Re: Larry, I'm thinking that does'nt jive with the "free will" clause we're born with. On the other hand I wish God would hurry up and take up residence here already and "clean house" because I think we have a major mismanagement problem going on. I hate turning on the news any more when I see the heinous things people do to one another! The sociopaths are getting younger.
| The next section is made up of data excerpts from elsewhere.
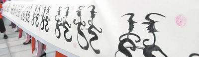 记者看到,为了将这幅长卷展开,30余位工作人员费尽周折,只伸展几百米。“完全打开都这么难,创作过程的艰难可想而知了。”一位目睹过此长卷的工作人员说。许多观众表示,这种大写意的“龙”字是第一次见,好似两个人在舞蹈,却不失龙的遒劲。
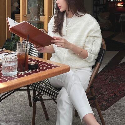 レディース ジャケット ブルゾン アウター 上着 前開き ショート 長袖 ファスナー ポケット ハイウエスト ツイード かわいい 大人可愛い きれいめ シンプル 上品 おしゃれ かっこいい レトロ こなれ感 マニッシュ ガーリー ルーズ クール ヴィンテージ ラブリー キュート 都会的 クラシカル ロマンティック ナチュラル 無地 春 秋 お出かけ 休日 ショッピング 重ね着 楽ちん 普段使い 着回し レイヤード トレンド 流行 インスタ映え フリーサイズ 白 ホワイト 黒 ブラック オフホワイト パール
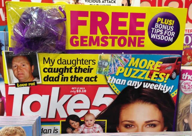 No free gemstone gift with my Take 5’s.What I did get is a price rise to $3.10 which I didn’t click to till I’d sold half a dozen. No flyer with the mag’s and unless I missed it no mention of a price rise in the network news emails. I didn’t know but Pacific Mags knew, the That’s life now has “Still Only $3.10” on the cover this week,an obvious dig at the “Still Only $3.00” Take 5 has been running since That’s life went to $3.10 months ago.
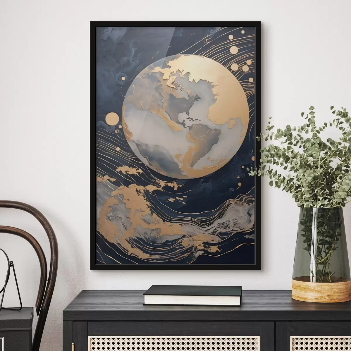 Poster Strukturierter dekorativer Planet mit gelben Linien im Hintergrund, gelben Punkten im Hintergrund, dunklem Hintergrund Nr f46708
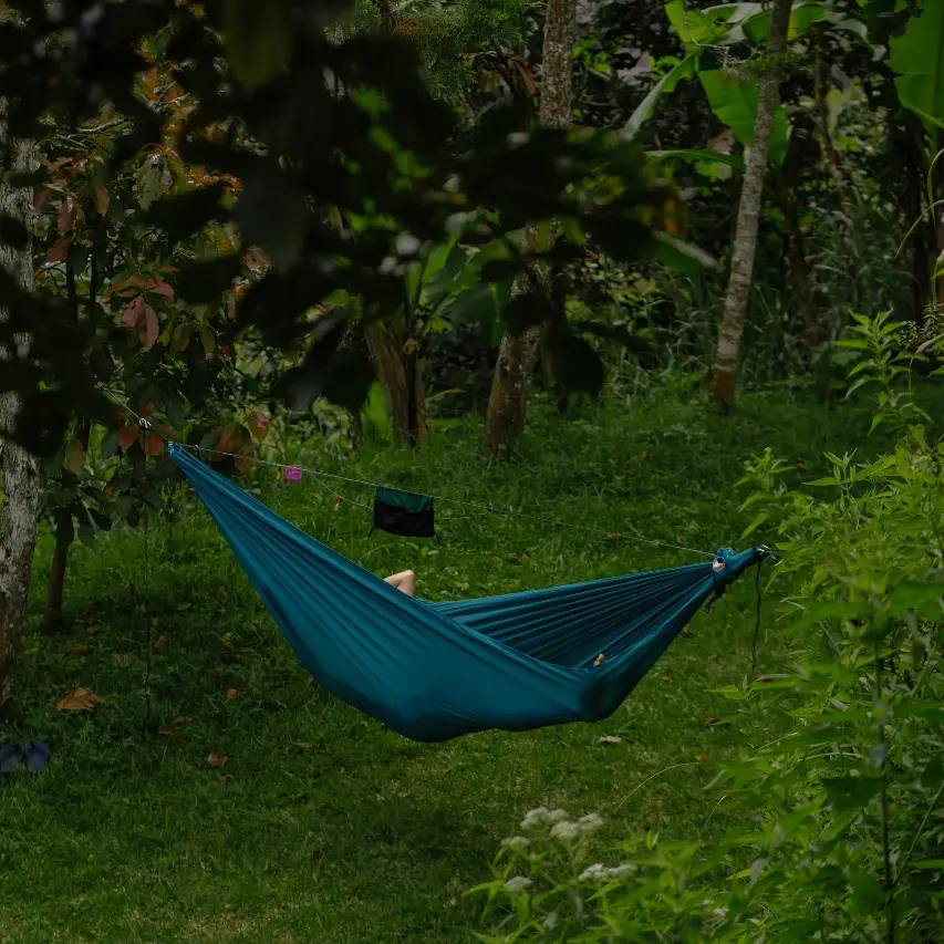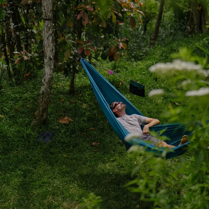 Fabriqué en toile de parachute en nylon, le hamac Compact est particulièrement léger (seulement 500g) et robuste tout en restant élastique. La toile utilisée par Ticket To The Moon est certifiée OEKO-TEX, elle est donc adaptée à tous les types de peau, même sensibles.

I know, I know...all in His good time.
Lynne:
Theologically, I'd say wishing G-d would give the world order (as a child or as an adult) is usually a sign that people around you who are supposed to care about you/love you/befriend you are using their "free will" in a negative way :-(
Lynneand Larry:
If I'm not misunderstanding, Lynne, you aren't necessarily talking about your OWN PERSONAL life being in order, but rather the life of the world as reported everywhere we look around us. that is also a manifestation of "negative free will", granted, Larry, but in a more universal sense than "people around you" sometimes the people in your immediate environs can be ttally positive, but the trafedies world-wide are enough to wonder where G-d is. that was, I think a major collective response for americans on 9/11 and it grips the common mind again whenever we're faced with a "newsworthy tragedy" that illustrates the continuing inhumanity with which the world's denizens treat one another
This post hit me where I've been living lately too, calling out to g-d and at the same time begging for a sign that He's truly there and DOES care about me! It's not a pleasant place in which to live when your faith seems to collapse beneath your feet and underneath isthat familiar old abyss with it's mouth wide open just waiting to devour you once more.
Thanks to both of you Larry and Margaret, you're on the money! Yes I frequently think of myself as naive wanting people to treat me as well as themselves. Guess I've been stepped on too many times, but I don't want to become a sad reflection of those worldly wise smart asses around me. Yes Margaret I do wish God would be a little less subtle sometimes where the general populas is concerned. Not that I have any say in the matter. Job's approach worked about as well. I don't really wonder where God is...just where am I in this mess?
All I can say is Dittoo to this eccerpt. I too have have denied my Mental Health issues for LONG due to not wanting to be classified with the "rest of them" . I also have a mitral valve prolapse and have been told that contributes to my anxiety. Whether its bipolar, my MVP, hereditary or PTSD the fact remains I have an illness that I have just barely gotten by with and now its catching up.
I have hope, I will learn, and grow and my struggling faith is still there, even if a wee bit...I must believe in something, even just a little to get on my knees every morning and ask for help .
Priscilla, Your courage is indescribable! I can relate more than most people surrounding me will ever know. Approximately 9 months ago, I met, for the first time ever, my birthmother and 4 half-sisters. Needles to say, it has been a wonderfully surreal and overwhelming rollercoaster of a ride emotionally. I, too, had panic attacks...some which were contributed to a severely deviated nasal septum (now corrected), mild mitral valve prolapse, and from what I now understand after counseling and my own research....being separated at birth (there is a physiological effect on the mother and infant because of this), and remaining in an orphanage for 2 months before I was adopted. At the time, it felt like the "initial separation" at birth felt like I was also separated from God, and that subsequent disasters would be part and parcel of my life (and absorbing others fears in addition to my own). Thanks to Yoga/Meditation, and brave souls like you, I no longer feel separated from anyone...especially God.
Panic attacks are horrible, and I only hope that you can find peace for yourself.